Она встала и протянула Гаю руку, он взял ее и тоже поднялся. Уже наступила ночь, и аллеи наполнились пронзительным стрекотом сверчков и голосами множества других ночных насекомых. Мессалина знала, что по ее распоряжению Ливия уже приготовила спальню Валерия. Спальня выходила в портик, пройдя по которому можно было очутиться на террасе, возвышающейся над садами. Там было тихо, городские шумы туда не долетали, и именно туда она увлекла его на тайную свадьбу, но ей бы хотелось устроить такое празднество, слава о котором полетела бы во все концы империи.

После этой, второй, ночи, проведенной в объятиях Гая, Мессалина поняла, что не может больше жить без него. Она думала только о нем и ждала момента, когда она могла бы вновь с ним увидеться. Сам он спешно развелся с женой, Юнией Силаной, сестрой первой жены Калигулы, чтобы ничто не стесняло его свободы. Он тоже чувствовал в себе всепожирающую страсть к той, которую когда-то хотел ненавидеть из страха стать жертвой этого испепеляющего огня. Ее все реже и реже видели во дворце и в доме на Квиринале: почти все время она проводила в Лукулловых садах и в доме Гая. Сильная эта любовь смягчила непреклонную натуру Мессалины: она позабыла свои старые обиды, простила заклятых врагов и, презрев осторожность, расхваливала в их присутствии таланты и красоту своего возлюбленного. Она пригласила Нарцисса на один из пиров, которые почти каждый вечер устраивала в честь Гая; доверившись Вителлию и Мнестеру, она говорила с ними о Силии, чтобы прогнать тоску, которая овладевала ею, как только он оказывался вдали от нее.

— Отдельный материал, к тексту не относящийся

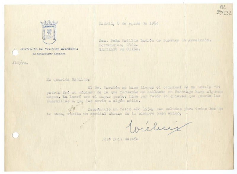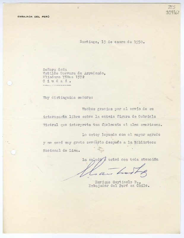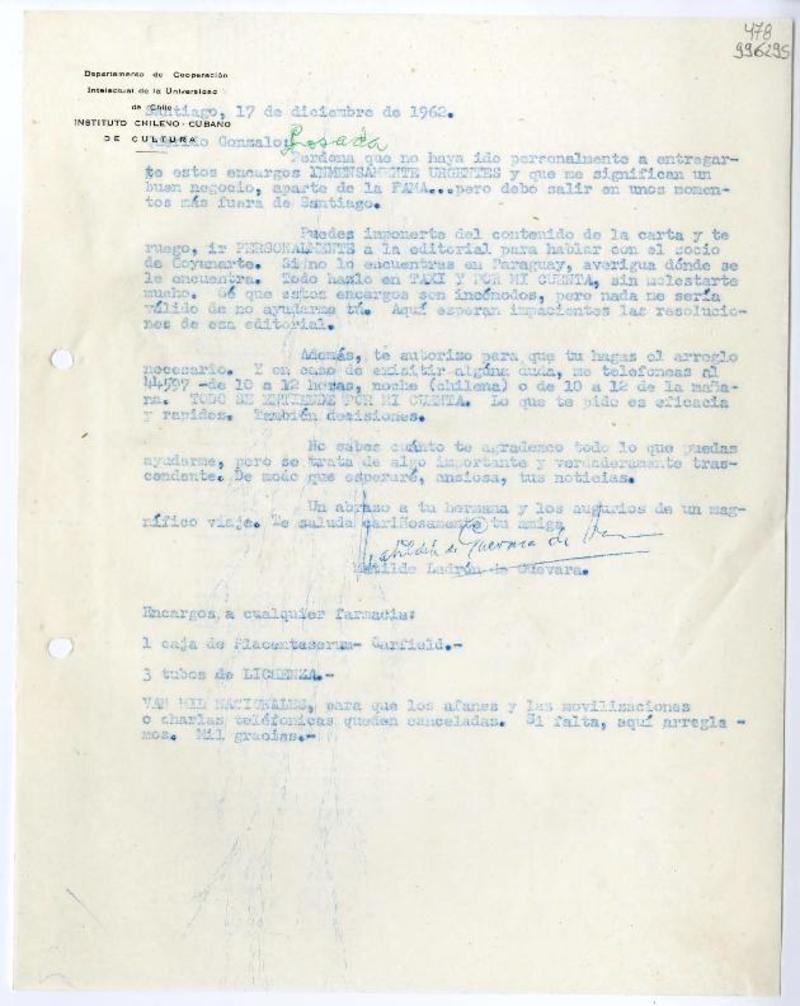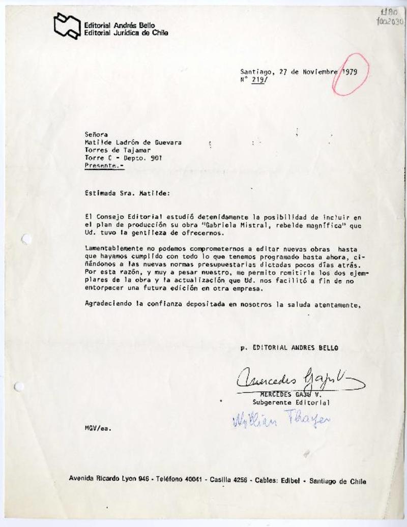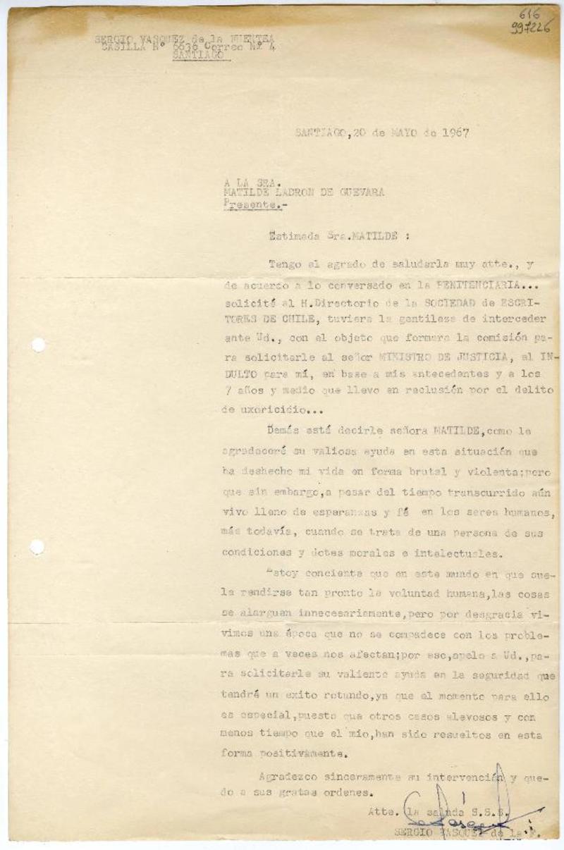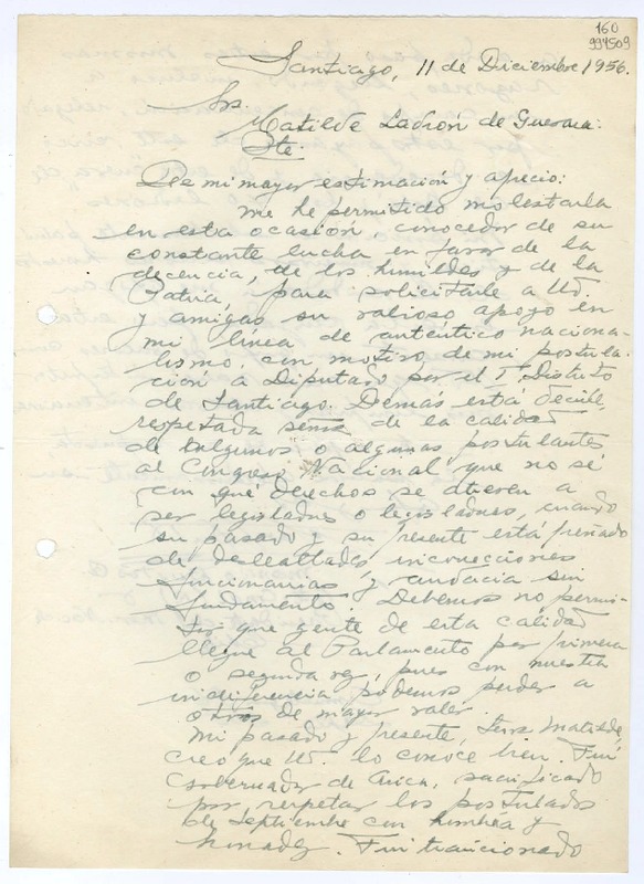 [Carta] 1952 diciembre 1, Santiago, [Chile] [a] Matilde Ladrón de Guevara [manuscrito] José Dolores Vásquez R.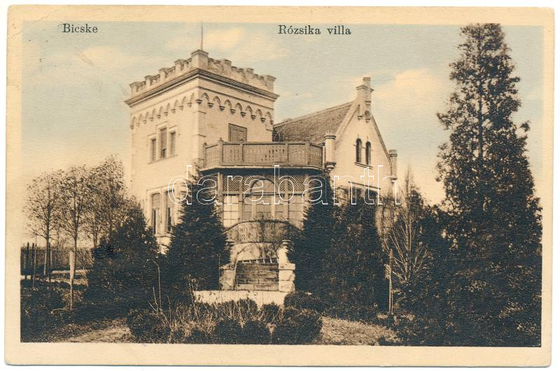 1913 Bicske, Rózsika villa (ázott / wet damage) https://www.darabanth.com/de/446-Fernauktion/446.0/Ansichtskarten/Ungarn~2000006/1913-Bicske-Rozsika-villa-azott-wet-damage~II2946446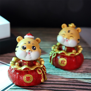 2022虎虎生威生肖虎摇头小摆件装饰汽车烘焙装饰蛋...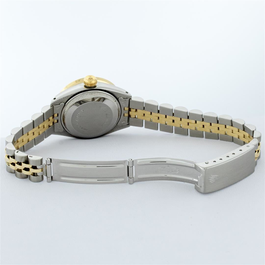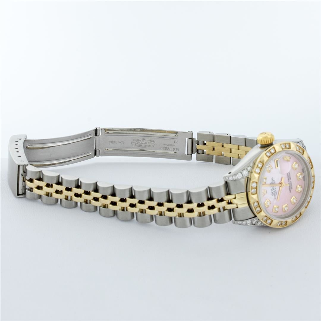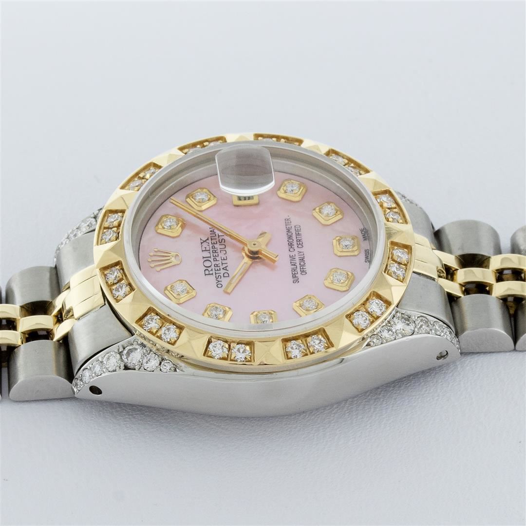 One Ladies Two Tone Rolex Datejust Polished, Serviced & Electronically Tested, Yellow Gold & Stainless Steel Case: 26mm, Yellow Gold Crown, Diamond Lugs: 24 Diamonds On Lugs, Clarity: SI-VS, Color: G to H. Custom Bezel: New 18K Yellow Gold Pyramid Diamond Bezel, Diamond Count: 24 Diamonds, Total Bezel Weight .50 Carat, Clarity: SI-VS, Color: G to H. Custom Crystal: New Scratch Resistant Synthetic Sapphire Cyclops Lens. Custom Hands: New Luminescent Hands. Movement: Automatic Winding Movement. Custom Dial: Pink Mother Of Pearl With Diamond Hour Markers, Diamond Count: 10 Diamonds In Dial, Clarity: SI-VS, Color: G to H. Date Window: 3 O'Clock Position Date Display, Model: Datejust. Condition: G-6 Extra Fine. Bracelet: Two Tone Yellow Gold & Stainless Steel Jubilee Band. Bright Polish. 6.0 Inch Length, Adjustable. Standard Clasp, With Rolex Logo. This Watch Has Been Serviced Time Tested And Is In Excellent Condition It Is Free Of All Scratches And Dents.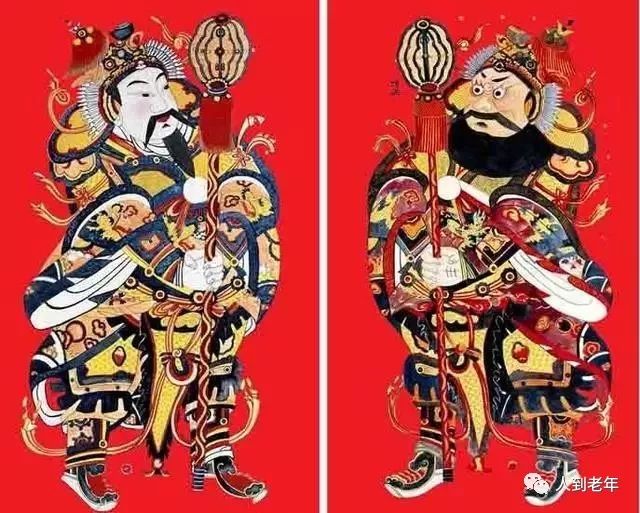 贴门神要注意两张门上的人物脸是相对的,不要贴反了。老式建筑的大门都是对开的两扇门,门神正好一边贴一张,而现在的住房都是单扇门,两张门神只能贴在同一扇门上,粘贴时要注意位置的美观大方。

Мессалина и Гай безумно любили друг друга; они уже не замечали своих ошибок, однако сознавали, что придут к гибели, если все будет оставаться по-прежнему. Первым об этом заговорил Гай.

— Месса, — сказал он ей как-то утром, после проведенной вместе ночи на вилле в Лукулловых садах, — мы слишком любим друг друга, чтобы продолжать жить той жизнью, которой живем сейчас. Я не могу ждать, когда император состарится и умрет естественной смертью. Невинные планы — невиновным. Для тех же, кто совершает общественное преступление, единственное спасение — в смелости. Если на нас сегодня донесут, нам грозит обвинение в прелюбодеянии. Ты видела, я без колебаний развелся и теперь свободен. Надо, чтобы и ты сделала то же самое, и тогда мы поженимся.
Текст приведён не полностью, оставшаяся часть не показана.